問題は、生成AIのモデルは通常「ブラックボックス」として動作することだ。多くの企業はこれらのモデルを基盤にして自社のニーズや要件に応じてモデルを構築しているが、このため検知する術がないリスクや脆弱性にさらされることになる。
「これらのモデルのテストでは標準化されたアプローチはない」とリーバルチュは警告する。「モデルの性能をどのようにテストすればいいのか、あるいは規制に則っているかを把握するのは難しい」
2022年にチューリッヒ工科大学(ETH)からスピンアウトしたカルヴィン・リスクのソフトウェアはそうした問題に対処しようと同大学で開発されたものだ。ガバナンスのためのデジタル手法を提供し、リスクが適切に特定・評価されるモジュール式のフレームワークを通じて企業が生成AIを精査できるようにしている。また、AIのプロジェクトが開発から展開に進む際に自動でテストも行われる。
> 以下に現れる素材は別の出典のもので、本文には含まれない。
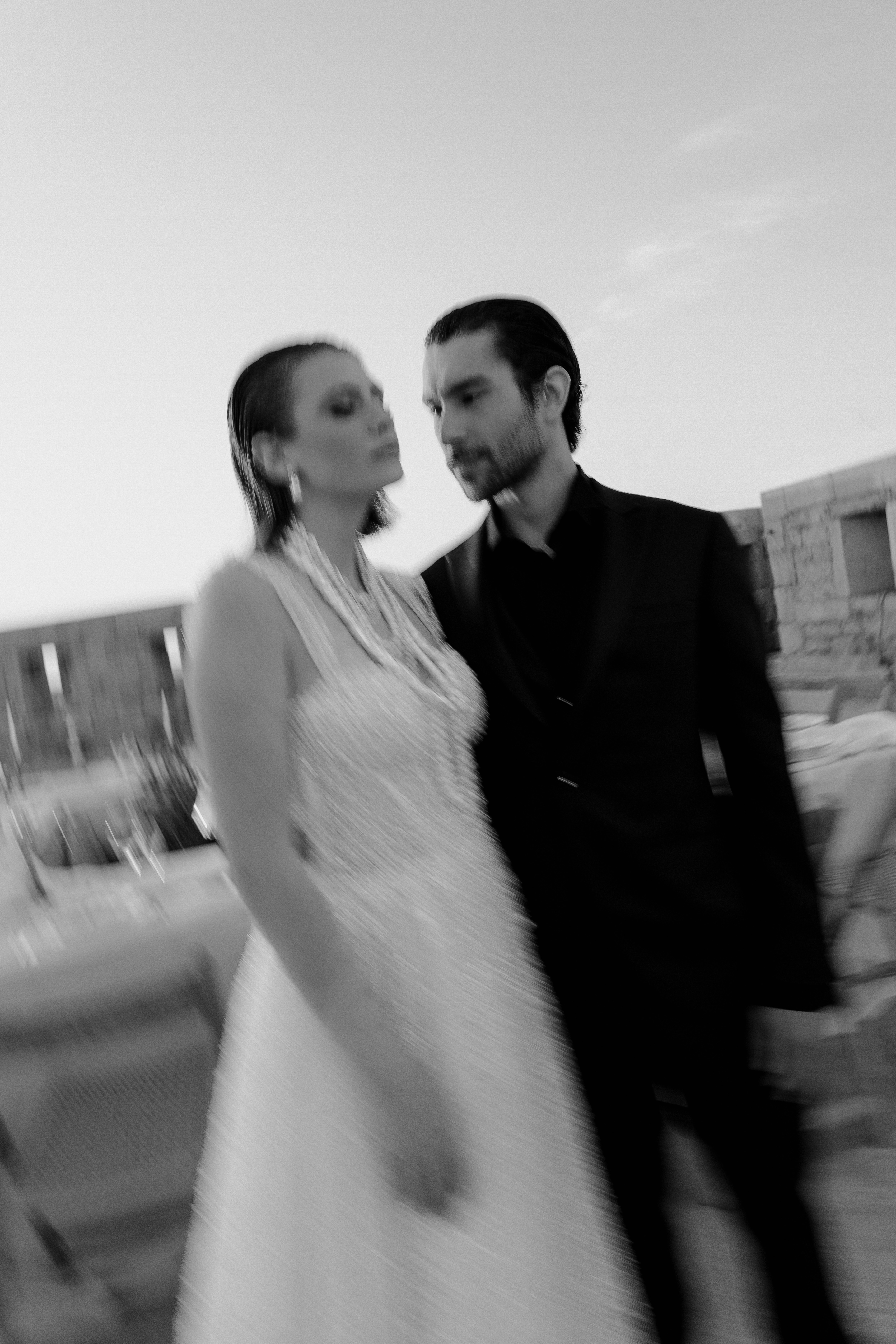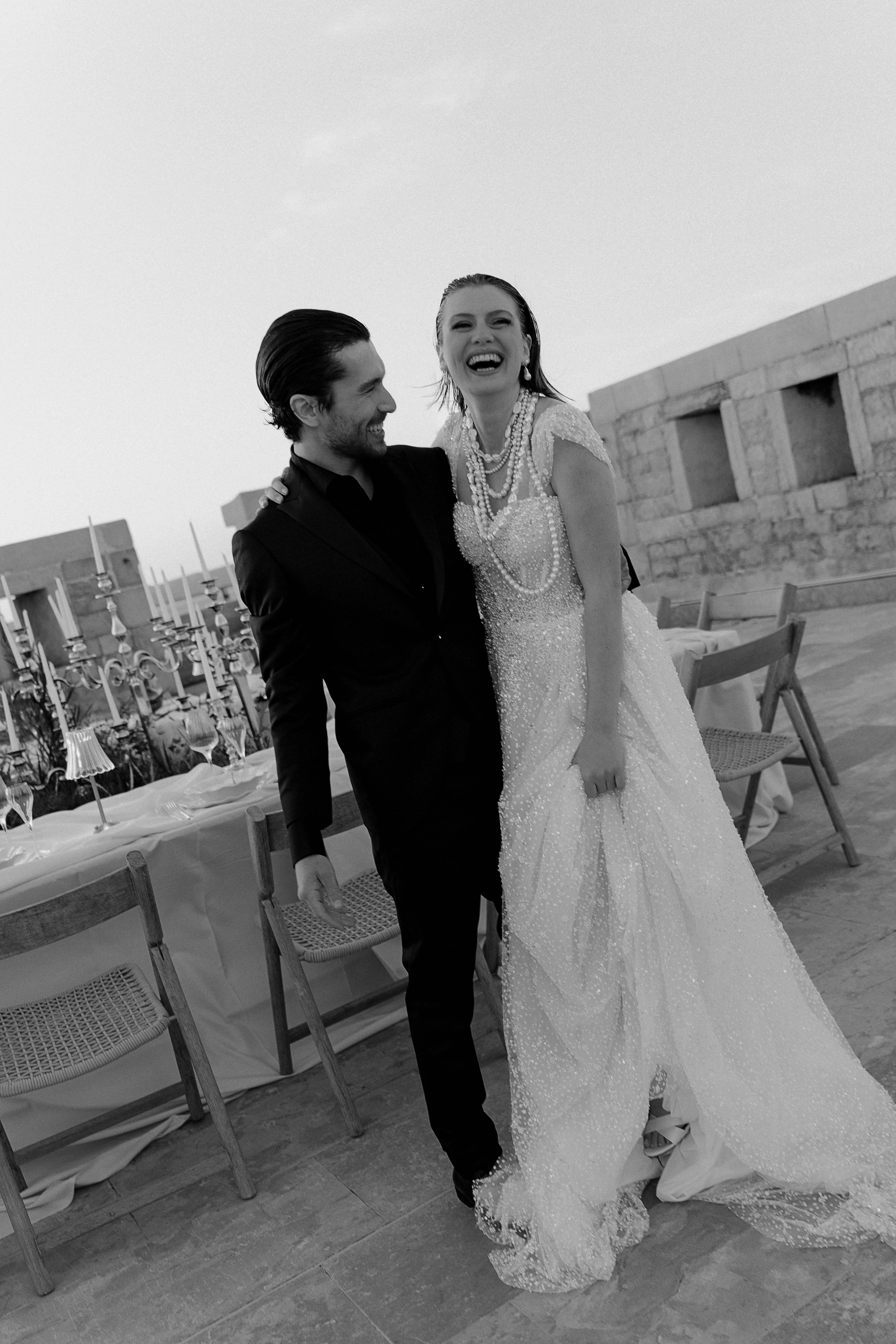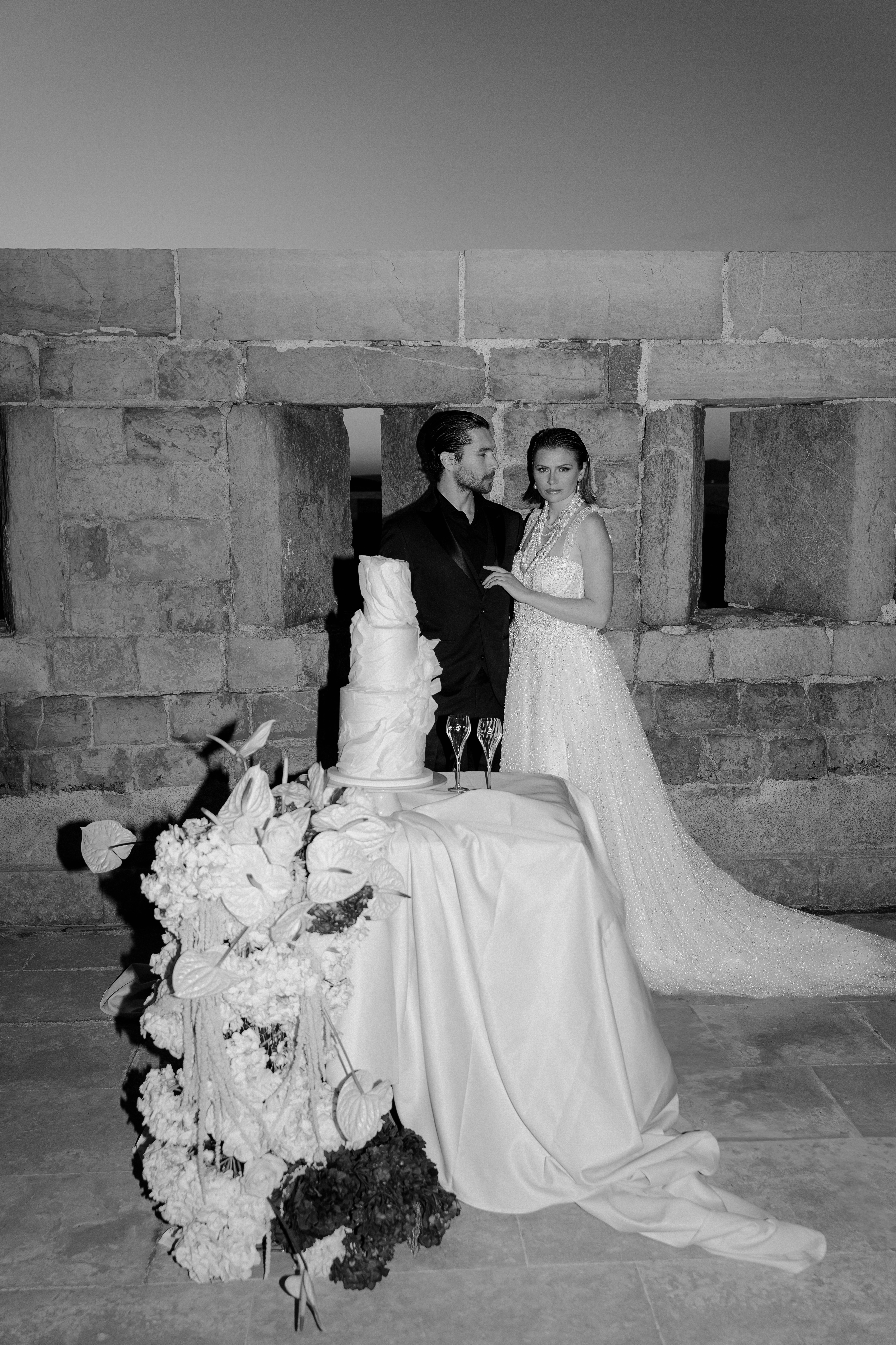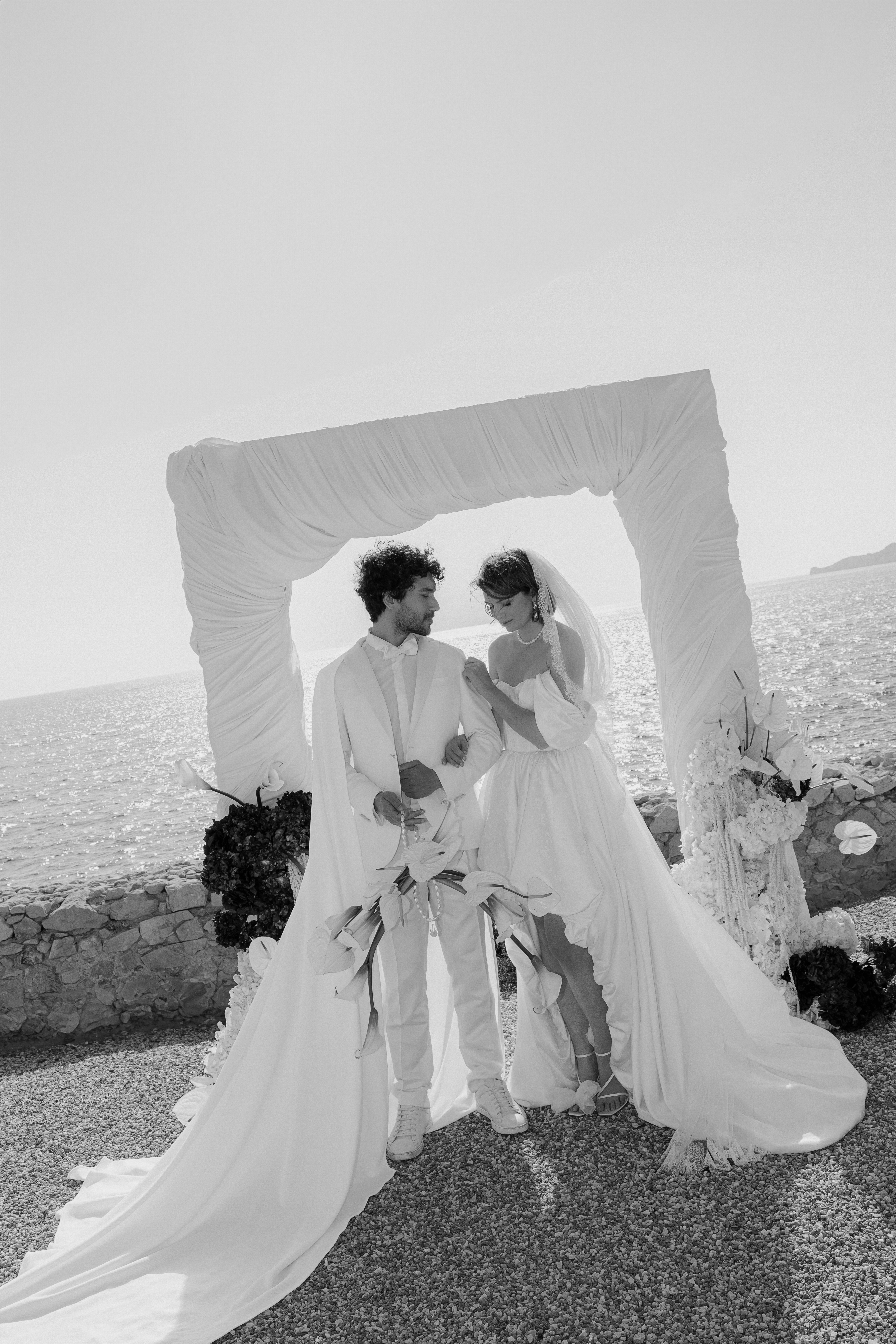 For the bride and groom, fashion was central to the shoot’s narrative. The bride, draped in Rime Arodaky’s beautiful gown, embodied modern bridal elegance. Her dress, with its fluid lines and romantic flair, captured the ethereal beauty of a timeless love story. Sonia B. Marseille’s evening gown mirrored the soft power of the island itself, its structure representing strength and grace, a perfect complement to the bride’s character. Espace Homme Cérémonie dressed the groom in a sharply tailored suit, his sophisticated look exuding confidence and elegance, making him the perfect counterpart to the bride’s beauty.

リーバルチュによると、各国の当局がAI規制を強化するにつれて、カルヴィン・リスクのソフトウェアへの需要が急速に高まっているという。例えば、欧州連合(EU)では、近々施行されるAI法でAIの開発や運用に対するさまざまな厳しい要件が導入され、企業はAIモデルのリスクを評価し、文書化する必要がある。怠った企業には厳しい罰則がある。
カルヴィン・リスクは当初、規制について懸念を募らせ、また過ちの代償が特に大きい金融サービス部門を顧客ターゲットとしてきた。同社は保険会社のアビバと銀行持株会社のロイズ・バンキング・グループという金融サービスを提供する英国の大手2社と提携してソフトウェアを開発してきた。